* _Task directions_: Return all the lines below exactly as written. Drop every picture.

* _Material provided_:

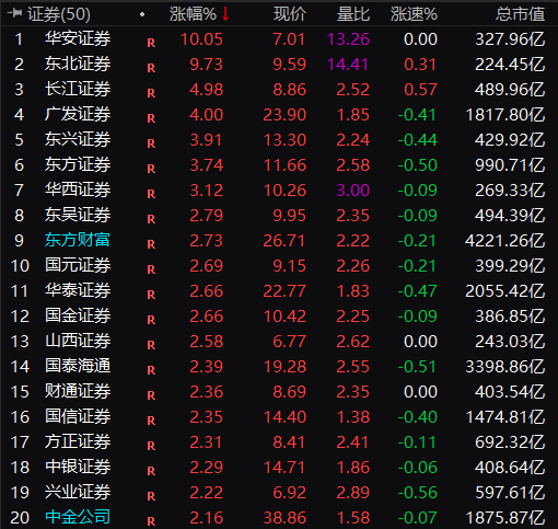 关键时刻,“牛市旗手”崛起。 今日(10月29日)盘中,A股“牛市旗手”券商股集体爆发,华安证券强势涨停,东北证券触及涨停。有分析指出,券商股的表现强劲主要受三季度业绩超预期推动。另外,沪指突破4000点大关带动市场情绪回暖,也是券商股走强的原因之一。 受券商股走强带动,沪指成功站上4000点大关,截至午间收盘,沪指涨0.37%,报4002.83点;创业板指数大涨超1%。对于A股后市,国内券商与外资机构的展望都较为乐观,中国资产价值重估、科技叙事明晰,将持续推动全球资本增配,中国股市有望步入更具持续性的上行趋势。 “牛市旗手”爆发 10月29日盘中,A股券商股集体拉升,华安证券强势涨停,截至午间收盘,东北证券大涨9.7%,长江证券、广发证券涨超4%,东方证券、东兴证券、华西证券涨超3%,东方财富、国元证券、国金证券、华泰证券、山西证券、国泰海通等券商股涨超2%。 ![]() 有分析指出,券商股表现强劲,主要受上市券商三季度业绩超预期推动,截至10月28日,有14家券商披露了前三季度业绩,其中13家数据可比券商的前三季度归母净利润合计约467.26亿元,同比增长46.42%,呈现高景气态势。另外,目前沪指正处于冲击4000点大关的关键阶段,市场情绪也在一定程度上刺激了券商股股价走势。 多家机构指出,目前券商板块仍是“相对低估+业绩同比高增”的稀缺资产。开源证券认为,上市券商三季报有望超预期,投行、衍生品和公募业务将接续改善,头部券商ROE(净资产收益率)具备扩张潜力。 西部证券同样建议关注券商板块,指出在经济定调积极的背景下,资本市场上升趋势明朗,券商板块业绩表现优异。 华泰证券认为,当前资本市场战略地位提升,各部委及监管部门形成政策合力,在引入中长期资金、活跃市场、重视投资者保护中实现着重大变化。同时,低利率时代下的资产配置逻辑重塑,权益市场收益率提升、波动率下降,机构与居民资金加速迁移,也是资本市场底层逻辑转变的重要表现,进而推动券商板块战略配置机会的出现。 对于券商股前景,卖方研究机构仍普遍持乐观态度,券商板块有望在业绩支撑、政策利好及市场活跃度提升的多重因素推动下,延续估值修复行情。另外,公募基金等机构的补配逻辑依然清晰。投资者可关注零售业务优势突出、机构业务强劲及财富管理领域领先的头部券商。
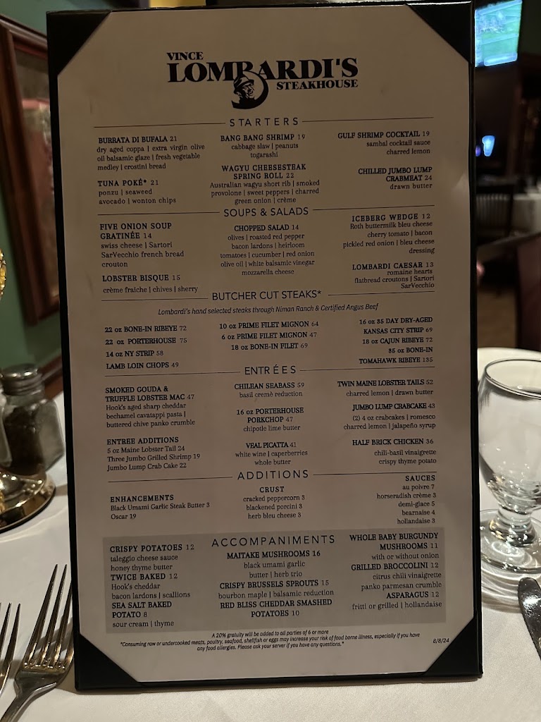 The food and especially the service (ask for Debbie) at Lombardi's is second to none! Get a wedge salad (classic) or a great steak, it's all top shelf! Great place and great food and especially great service.
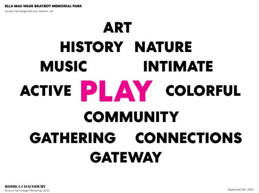 Friends of Brayboy Park was paired with Ms. Rishika Chaudhury of Perkins&Will design firm. A neighborhood call was put out to form a Brayboy Park Planning Committee. Together we met with Rishika, attended the 2023 Roundtable, Inclusive Play Spaces featuring Meghan Talarowski, brainstormed ideas, and held a final Park Planning workshop in October at Brayboy Park.
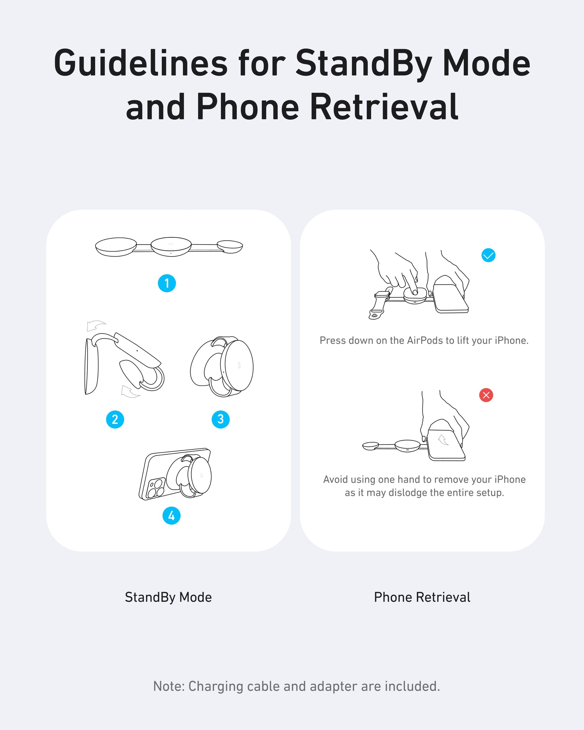 - StandBy Mode for Optimal Viewing: Improve your iPhone's usability with a charger that offers landscape viewing and supports StandBy mode when folded.

* _Solution_:
 关键时刻,“牛市旗手”崛起。 今日(10月29日)盘中,A股“牛市旗手”券商股集体爆发,华安证券强势涨停,东北证券触及涨停。有分析指出,券商股的表现强劲主要受三季度业绩超预期推动。另外,沪指突破4000点大关带动市场情绪回暖,也是券商股走强的原因之一。 受券商股走强带动,沪指成功站上4000点大关,截至午间收盘,沪指涨0.37%,报4002.83点;创业板指数大涨超1%。对于A股后市,国内券商与外资机构的展望都较为乐观,中国资产价值重估、科技叙事明晰,将持续推动全球资本增配,中国股市有望步入更具持续性的上行趋势。 “牛市旗手”爆发 10月29日盘中,A股券商股集体拉升,华安证券强势涨停,截至午间收盘,东北证券大涨9.7%,长江证券、广发证券涨超4%,东方证券、东兴证券、华西证券涨超3%,东方财富、国元证券、国金证券、华泰证券、山西证券、国泰海通等券商股涨超2%。 ![]() 有分析指出,券商股表现强劲,主要受上市券商三季度业绩超预期推动,截至10月28日,有14家券商披露了前三季度业绩,其中13家数据可比券商的前三季度归母净利润合计约467.26亿元,同比增长46.42%,呈现高景气态势。另外,目前沪指正处于冲击4000点大关的关键阶段,市场情绪也在一定程度上刺激了券商股股价走势。 多家机构指出,目前券商板块仍是“相对低估+业绩同比高增”的稀缺资产。开源证券认为,上市券商三季报有望超预期,投行、衍生品和公募业务将接续改善,头部券商ROE(净资产收益率)具备扩张潜力。 西部证券同样建议关注券商板块,指出在经济定调积极的背景下,资本市场上升趋势明朗,券商板块业绩表现优异。 华泰证券认为,当前资本市场战略地位提升,各部委及监管部门形成政策合力,在引入中长期资金、活跃市场、重视投资者保护中实现着重大变化。同时,低利率时代下的资产配置逻辑重塑,权益市场收益率提升、波动率下降,机构与居民资金加速迁移,也是资本市场底层逻辑转变的重要表现,进而推动券商板块战略配置机会的出现。 对于券商股前景,卖方研究机构仍普遍持乐观态度,券商板块有望在业绩支撑、政策利好及市场活跃度提升的多重因素推动下,延续估值修复行情。另外,公募基金等机构的补配逻辑依然清晰。投资者可关注零售业务优势突出、机构业务强劲及财富管理领域领先的头部券商。
 The food and especially the service (ask for Debbie) at Lombardi's is second to none! Get a wedge salad (classic) or a great steak, it's all top shelf! Great place and great food and especially great service.
 Friends of Brayboy Park was paired with Ms. Rishika Chaudhury of Perkins&Will design firm. A neighborhood call was put out to form a Brayboy Park Planning Committee. Together we met with Rishika, attended the 2023 Roundtable, Inclusive Play Spaces featuring Meghan Talarowski, brainstormed ideas, and held a final Park Planning workshop in October at Brayboy Park.
 - StandBy Mode for Optimal Viewing: Improve your iPhone's usability with a charger that offers landscape viewing and supports StandBy mode when folded.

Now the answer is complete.